◆ **What you are asked to do**:
Drop the images, then output the listing exactly.

◆ **Data extract**:

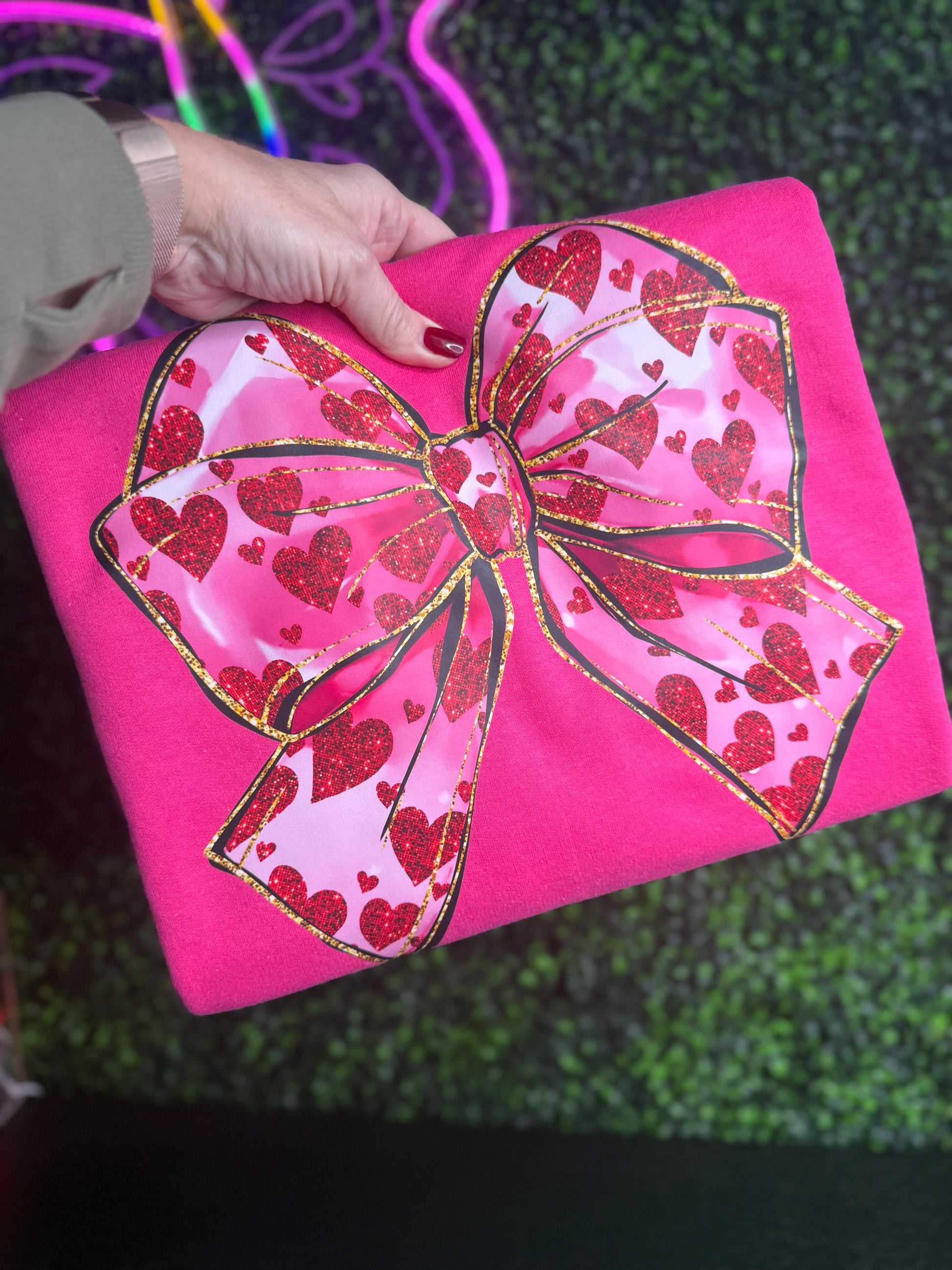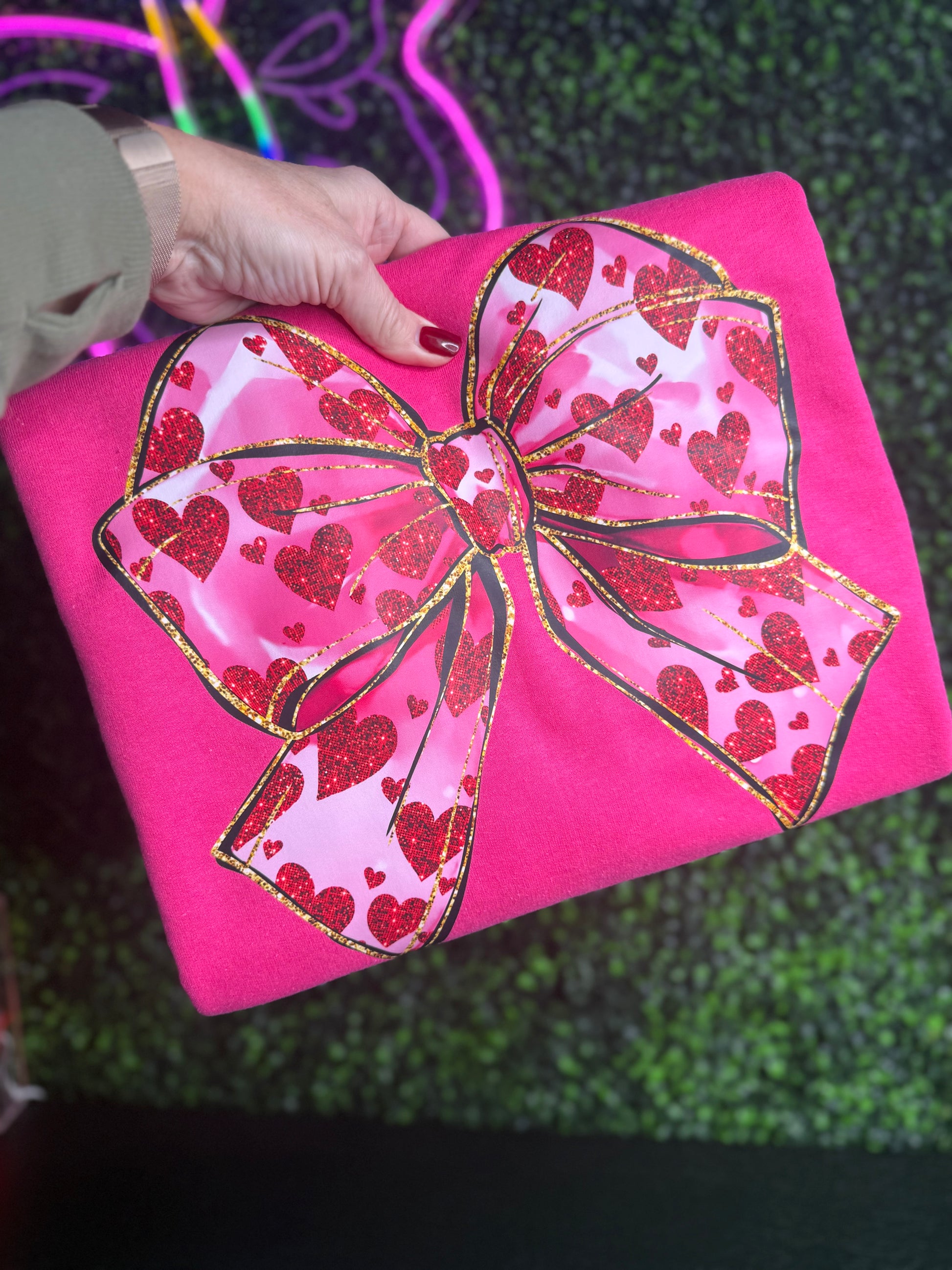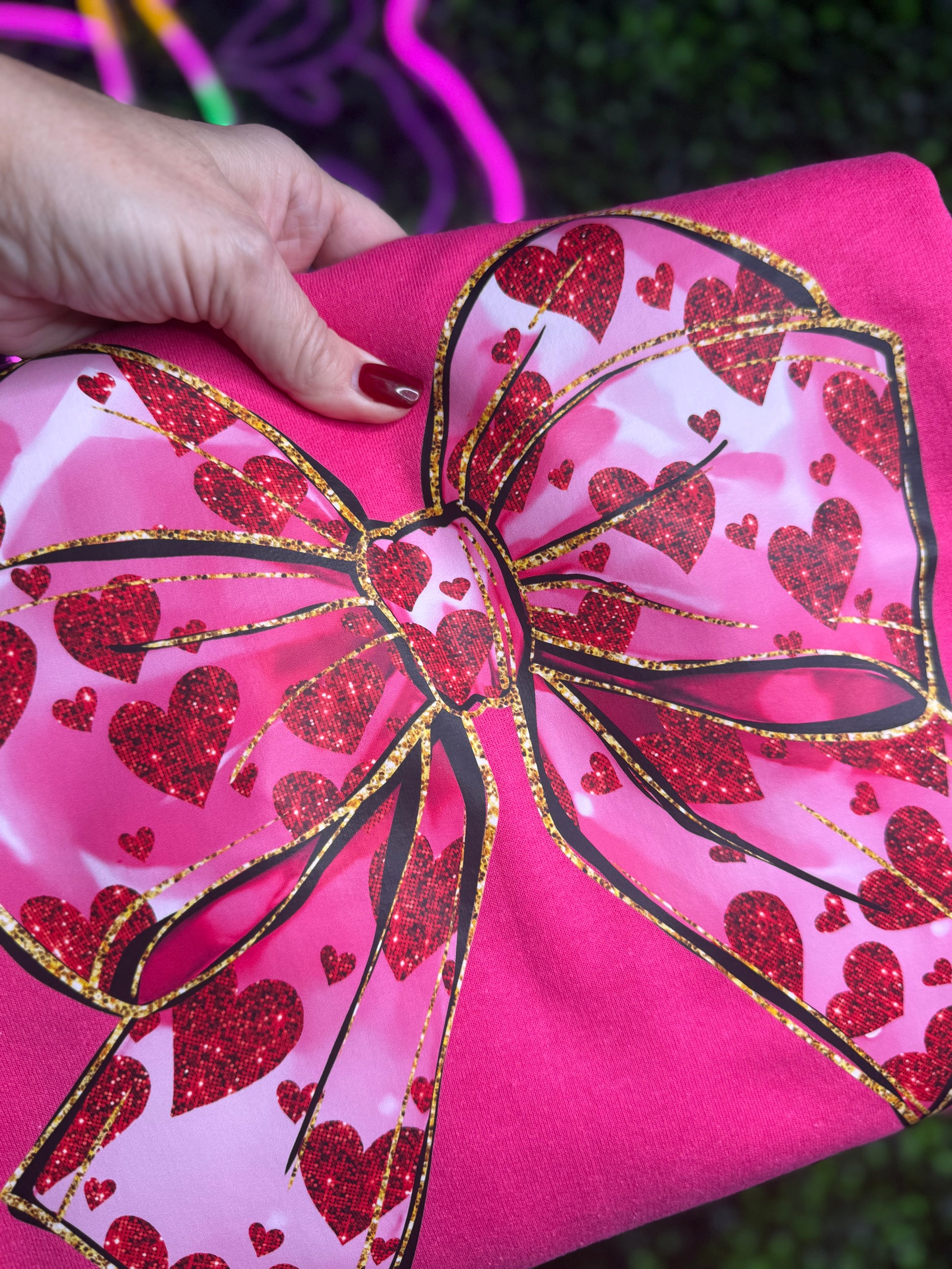 Valentine’s day pink croquet bow sweatshirs. This adorable V-Day sweatshirt is soft cute and full of fun little hearts within the bow. It featuring a bright big croquet bow designs! Soft fleece, relaxed fit, and perfect for everyday wear.
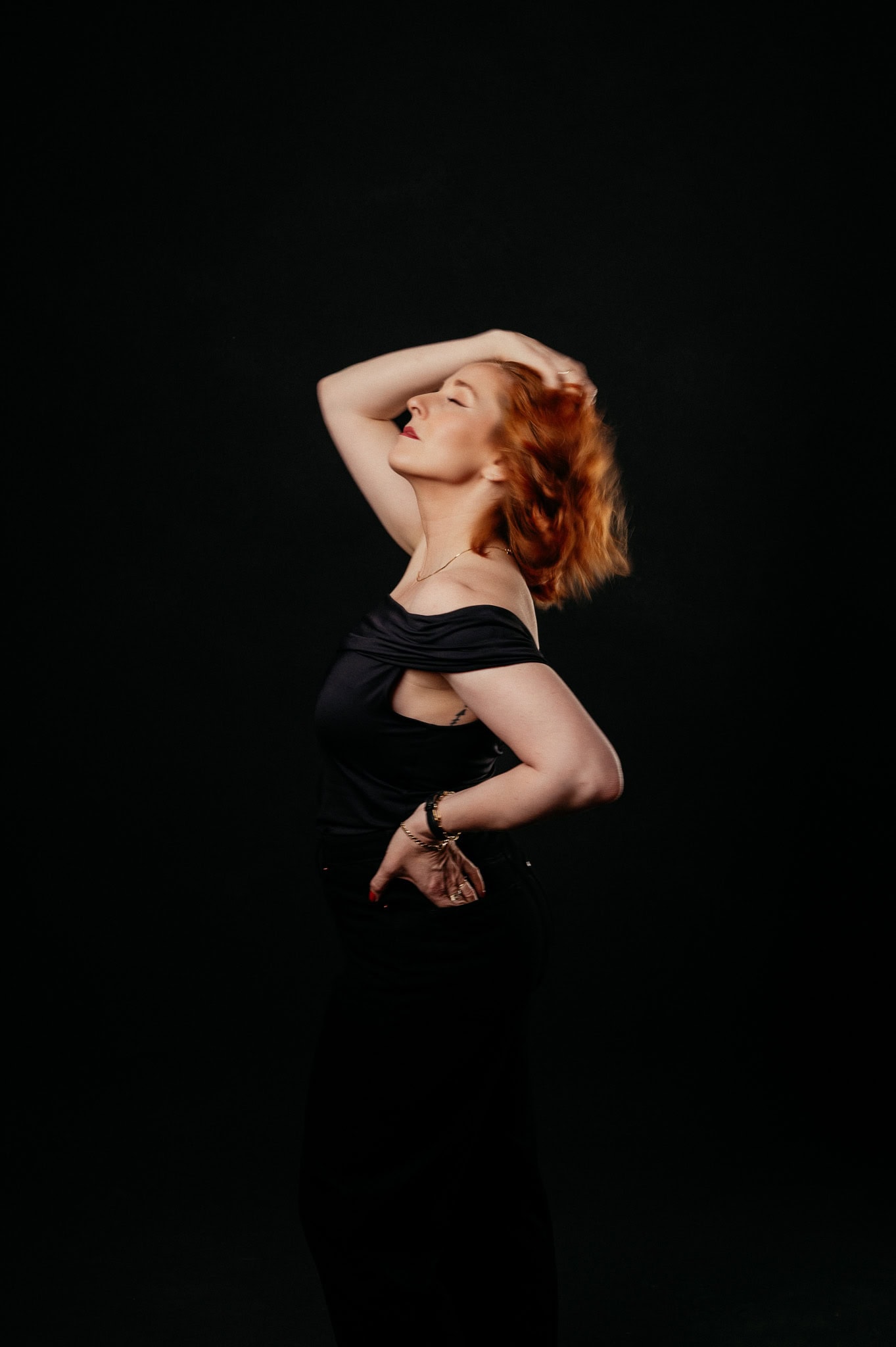 Das Bild zeigt eine lachende Frau mit roten Haaren die vor einem schwarzen Hintergrund steht Es vermittelt Freude Selbstbewusstsein und künstlerische Fotografie im Bereich Portraits
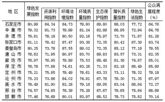 河北新聞網(wǎng)訊(記者張巖)日前,河北省統(tǒng)計局、省發(fā)改委、省環(huán)保廳、省委組織部聯(lián)合發(fā)布《2016年河北省生態(tài)文明建設(shè)年度評價結(jié)果公報》,公布了2016年度河北省各設(shè)區(qū)市和省直管縣的綠色發(fā)展指數(shù)和公眾滿意程度。 據(jù)了解,這一結(jié)果是根據(jù)河北省委辦公廳、河北省政府辦公廳印發(fā)的《河北省生態(tài)文明建設(shè)目標(biāo)評價考核辦法》和省發(fā)改委、省統(tǒng)計局、省環(huán)保廳、省委組織部印發(fā)的《河北省綠色發(fā)展指標(biāo)體系》《河北省生態(tài)文明建設(shè)考核目標(biāo)體系》要求發(fā)布。 生態(tài)文明建設(shè)年度評價中,綠色發(fā)展指數(shù)采用綜合指數(shù)法進(jìn)行測算。綠色發(fā)展指標(biāo)體系包括資源利用、環(huán)境治理、環(huán)境質(zhì)量、生態(tài)保護(hù)、增長質(zhì)量、綠色生活、公眾滿意程度等7個方面,共59項評價指標(biāo)。其中,前6個方面的58項評價指標(biāo)納入綠色發(fā)展指數(shù)的計算;公眾滿意程度調(diào)查結(jié)果進(jìn)行單獨(dú)評價與分析。公眾滿意程度為主觀調(diào)查指標(biāo),通過河北省統(tǒng)計局組織的抽樣調(diào)查來反映公眾對生態(tài)環(huán)境的滿意程度。 從2016年河北省生態(tài)文明建設(shè)年度評價結(jié)果看,各設(shè)區(qū)市綠色發(fā)展指數(shù)值從高到低的排序依次為:張家口、石家莊、秦皇島、承德、衡水、邯鄲、廊坊、保定、唐山、滄州、邢臺。 從構(gòu)成綠色發(fā)展指數(shù)的6項分類指數(shù)得分來看,石家莊市在資源利用指數(shù)和綠色生活指數(shù)兩項排名上均位居第一,環(huán)境治理指數(shù)位居第一的為秦皇島市,環(huán)境質(zhì)量指數(shù)位居第一的為張家口市,生態(tài)保護(hù)指數(shù)位居第一的為承德市,增長質(zhì)量指數(shù)位居第一的為廊坊市。 各設(shè)區(qū)市公眾滿意程度排名依次為:張家口市、承德市、秦皇島市、衡水市、邯鄲市、邢臺市、滄州市、保定市、廊坊市、石家莊市、唐山市。 定州市和辛集市作為省直管縣,不與其他設(shè)區(qū)市進(jìn)行比較,單獨(dú)排序。 表1 2016年河北省(各設(shè)區(qū)市)生態(tài)文明建設(shè)年度評價結(jié)果排序 表2 2016年河北省直管縣生態(tài)文明建設(shè)年度評價結(jié)果排序 表3 2016年河北省生態(tài)文明建設(shè)年度評價結(jié)果![]() |

◆ **Solution to the exercise**:
 Valentine’s day pink croquet bow sweatshirs. This adorable V-Day sweatshirt is soft cute and full of fun little hearts within the bow. It featuring a bright big croquet bow designs! Soft fleece, relaxed fit, and perfect for everyday wear.
 Das Bild zeigt eine lachende Frau mit roten Haaren die vor einem schwarzen Hintergrund steht Es vermittelt Freude Selbstbewusstsein und künstlerische Fotografie im Bereich Portraits
 河北新聞網(wǎng)訊(記者張巖)日前,河北省統(tǒng)計局、省發(fā)改委、省環(huán)保廳、省委組織部聯(lián)合發(fā)布《2016年河北省生態(tài)文明建設(shè)年度評價結(jié)果公報》,公布了2016年度河北省各設(shè)區(qū)市和省直管縣的綠色發(fā)展指數(shù)和公眾滿意程度。 據(jù)了解,這一結(jié)果是根據(jù)河北省委辦公廳、河北省政府辦公廳印發(fā)的《河北省生態(tài)文明建設(shè)目標(biāo)評價考核辦法》和省發(fā)改委、省統(tǒng)計局、省環(huán)保廳、省委組織部印發(fā)的《河北省綠色發(fā)展指標(biāo)體系》《河北省生態(tài)文明建設(shè)考核目標(biāo)體系》要求發(fā)布。 生態(tài)文明建設(shè)年度評價中,綠色發(fā)展指數(shù)采用綜合指數(shù)法進(jìn)行測算。綠色發(fā)展指標(biāo)體系包括資源利用、環(huán)境治理、環(huán)境質(zhì)量、生態(tài)保護(hù)、增長質(zhì)量、綠色生活、公眾滿意程度等7個方面,共59項評價指標(biāo)。其中,前6個方面的58項評價指標(biāo)納入綠色發(fā)展指數(shù)的計算;公眾滿意程度調(diào)查結(jié)果進(jìn)行單獨(dú)評價與分析。公眾滿意程度為主觀調(diào)查指標(biāo),通過河北省統(tǒng)計局組織的抽樣調(diào)查來反映公眾對生態(tài)環(huán)境的滿意程度。 從2016年河北省生態(tài)文明建設(shè)年度評價結(jié)果看,各設(shè)區(qū)市綠色發(fā)展指數(shù)值從高到低的排序依次為:張家口、石家莊、秦皇島、承德、衡水、邯鄲、廊坊、保定、唐山、滄州、邢臺。 從構(gòu)成綠色發(fā)展指數(shù)的6項分類指數(shù)得分來看,石家莊市在資源利用指數(shù)和綠色生活指數(shù)兩項排名上均位居第一,環(huán)境治理指數(shù)位居第一的為秦皇島市,環(huán)境質(zhì)量指數(shù)位居第一的為張家口市,生態(tài)保護(hù)指數(shù)位居第一的為承德市,增長質(zhì)量指數(shù)位居第一的為廊坊市。 各設(shè)區(qū)市公眾滿意程度排名依次為:張家口市、承德市、秦皇島市、衡水市、邯鄲市、邢臺市、滄州市、保定市、廊坊市、石家莊市、唐山市。 定州市和辛集市作為省直管縣,不與其他設(shè)區(qū)市進(jìn)行比較,單獨(dú)排序。 表1 2016年河北省(各設(shè)區(qū)市)生態(tài)文明建設(shè)年度評價結(jié)果排序 表2 2016年河北省直管縣生態(tài)文明建設(shè)年度評價結(jié)果排序 表3 2016年河北省生態(tài)文明建設(shè)年度評價結(jié)果![]() |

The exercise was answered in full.